Members of a fisheries cooperative in Naraha, Fukushima Prefecture, released young salmon into the Kido River on April 15 for the first time since the Great East Japan Earthquake and the ensuing Fukushima Daini nuclear power plant accident. Released were some 10,000 salmon fry hatched in the Natsui River in Iwaki. The Naraha town office intends to decide in mid-May when to allow evacuees to return. The Kido River Fisheries Cooperative hopes the release of salmon that return to their native streams for spawning will pave the way for evacuees to come back.

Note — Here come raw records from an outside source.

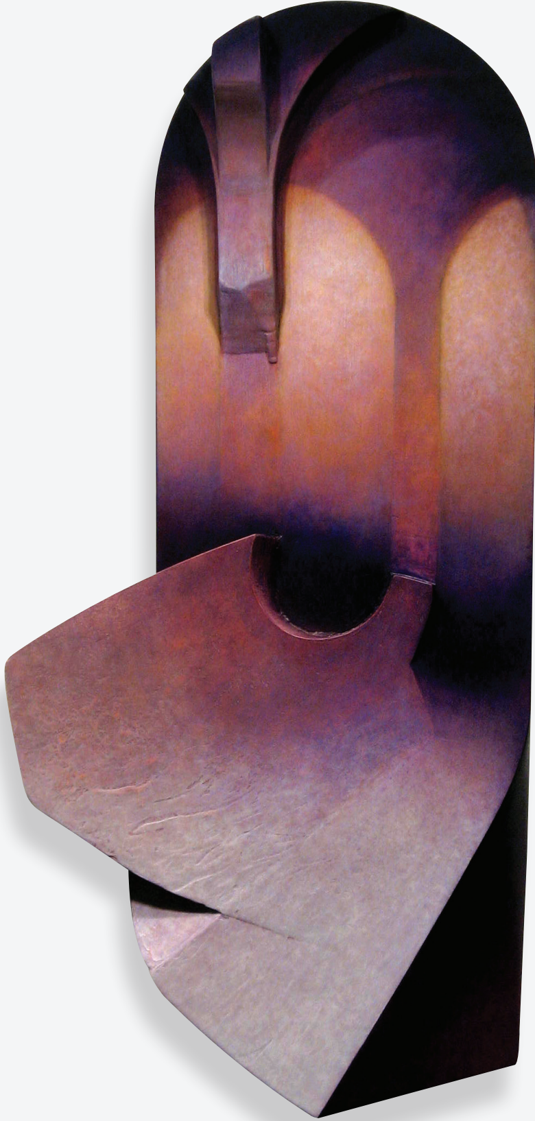
Serdar Arat, "Untitled", 2010, tahta üzerine akrilik, 35 x 17 x 2 cm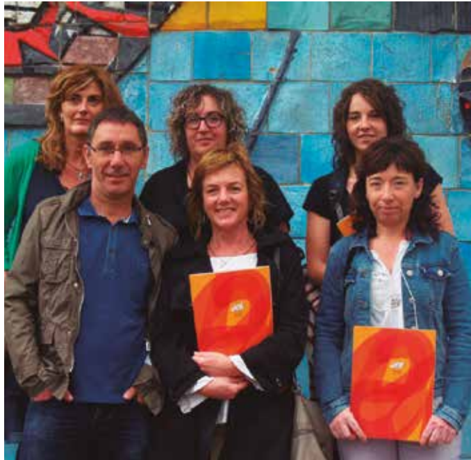
Jada bederatzi urte bete ditu Mintzalagun ekimenak.

Asteroko saioekin batera, Mintzalaguneko kide guztiak batu eta herri osoari zabaltzen zaion ekintzarik egiten dute urtero. Iaz esaterako, Txokoaldeko Txalaparta Txokoa bisitatzen izan ziren. “Irteerari esker asko ikasi zuten eta oso ondo baloratu zuten. Oso arrakastatsua izan zen”.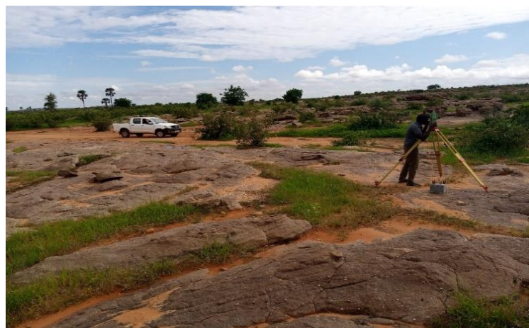
6km de piste rurale de la commune de Pignari-Bana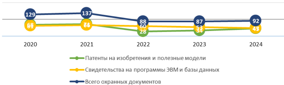
Рисунок 1. Динамика количества объектов интеллектуальной собственности ДВФУ, зарегистрированных в государственных реестрах РФ в 2020-2024 гг. /

The Kido is one of the rivers that boast large numbers of returning salmon on Japan’s main island of Honshu. But all fishing weirs and hatcheries were swept away by the tsunami tide that followed the 2011 temblor. Cooperative head Hideo Matsumoto and other members released the young salmon, 3 to 4 cm long, into the river. Many return to their natal rivers four years later after migrating through the oceans such as the Okhotsk and Bering seas as well as the Gulf of Alaska.

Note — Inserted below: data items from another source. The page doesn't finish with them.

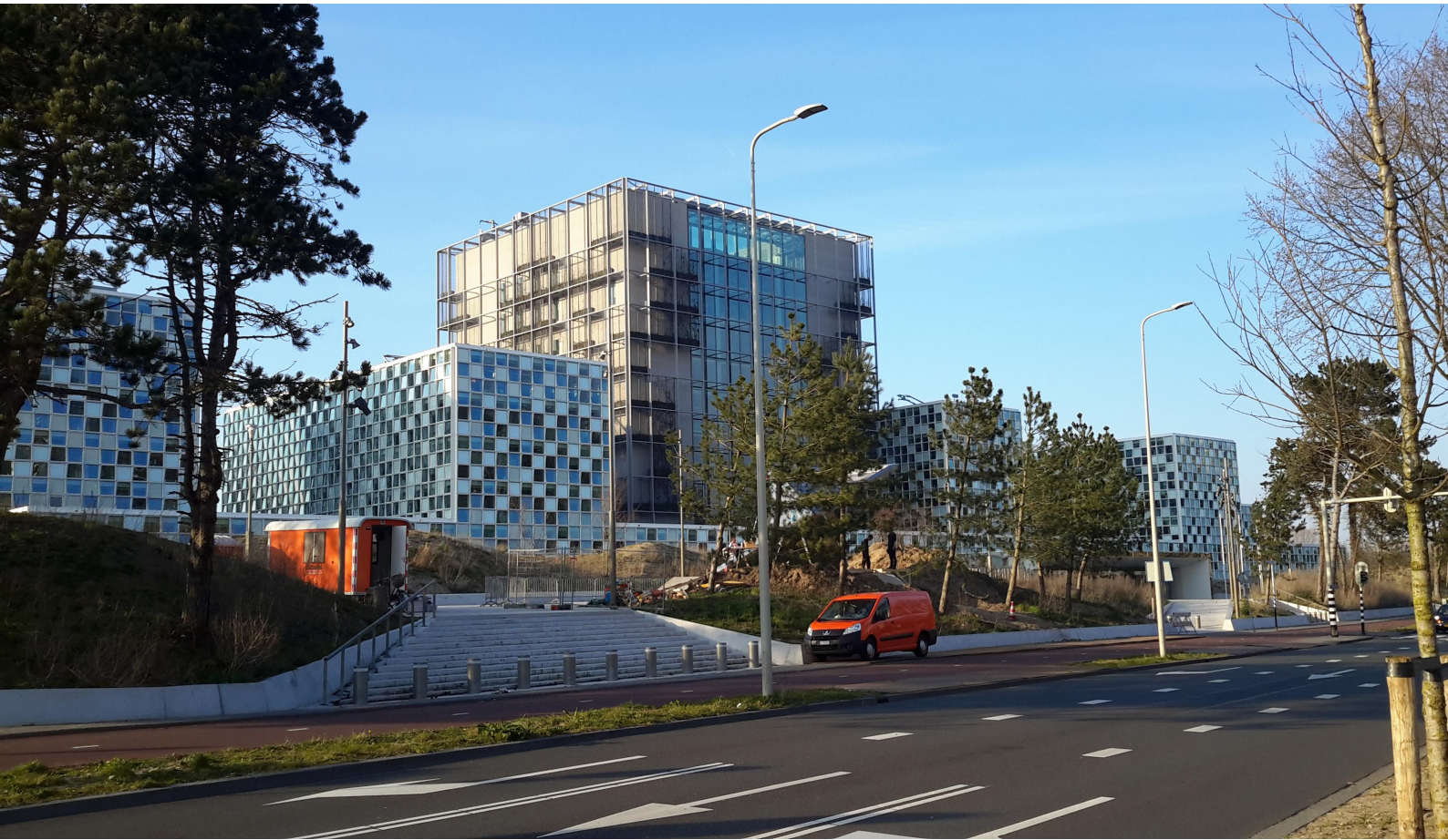
Sídlo Mezinárodního trestního soudu v nizozemském Haagu [2]

vat zločiny podle mezinárodního práva bez ohledu na místo spáchání, ne všechny země Římský statut MTS ratifikovaly. Toto fakticky omezuje možnost vyšetřování, vezmeme-li v potaz, že MTS má jurisdikci pouze nad zločiny spáchanými na území států či nad občany států, jež jsou smluvní stranou Římského statutu.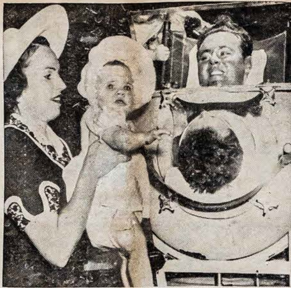
BOILERIO TĖVAS IR JO DUKTĖ

NEPAPRASTAS PIKNIKAS Piknikas, kurį rengia Lietuvių Sveikatos Kultūros Draugija įvyks sekmadienį, liepos-July 13, 1941, Lietuvių Parke, Chestnut Hill Lakewood, Waterbury, Conn. Bus graži programa pagiriuose, bus kalbų, dainų, žaidimų, naujausių tik ką iš Lietuvos šokių ir t.t. Taipgi turės skanių užkandžių ir gėrimų.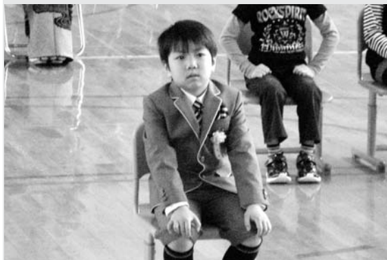
△下金山小学校（1名入学）：緊張した入学式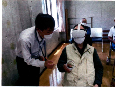
ゴーグルをつけてVR体験

5月17日(水)に町内会館1階にて、藤沢警察署生活安全課の職員を講師にお招きして、防災についてお話しをして頂きました。また、防犯交通安全課と鵜沼市民センターから市職員の方々もご参加頂きました。平日の午前中にもかかわらず、20人余りの参加者が集まり、職員との質疑応答や詐欺被害の体験談を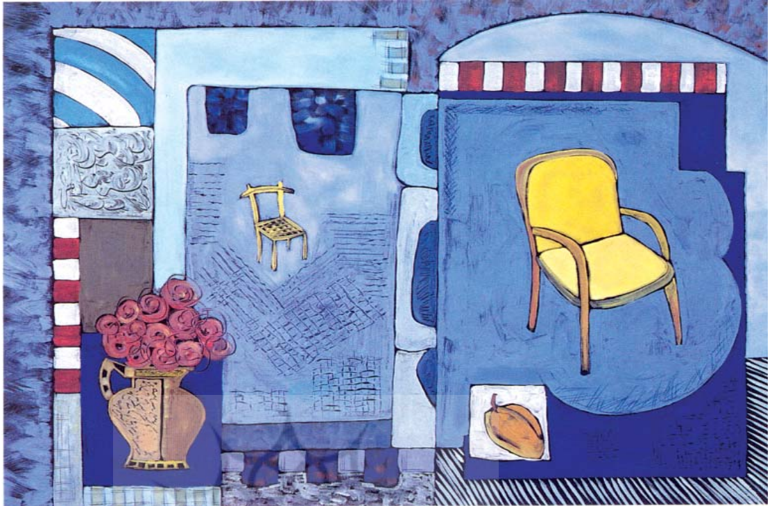
تصویر ۵- چهاردیواری، ک.سی.جویسی، شیوه تک‌چاپ، اندازه ۵۶×۷۶CM

روشن کار به تاریکی، از خطوط خشن و با جسارت به خطوط نازک و لطیف و از فضا‌های مثبت و منفی شکل یافته‌اند.

The cooperative and town authorities are considering rebuilding hatcheries and resuming the egg collection/hauling business in fall next year in the hope of restarting the release of self-hatched young salmon in the spring of 2016. Naraha Mayor Yukihide Matsumoto, who joined the release, said the town hopes to launch the rebuilding of weirs this year, pledging to support the cooperative in a manner leading to the return of evacuees.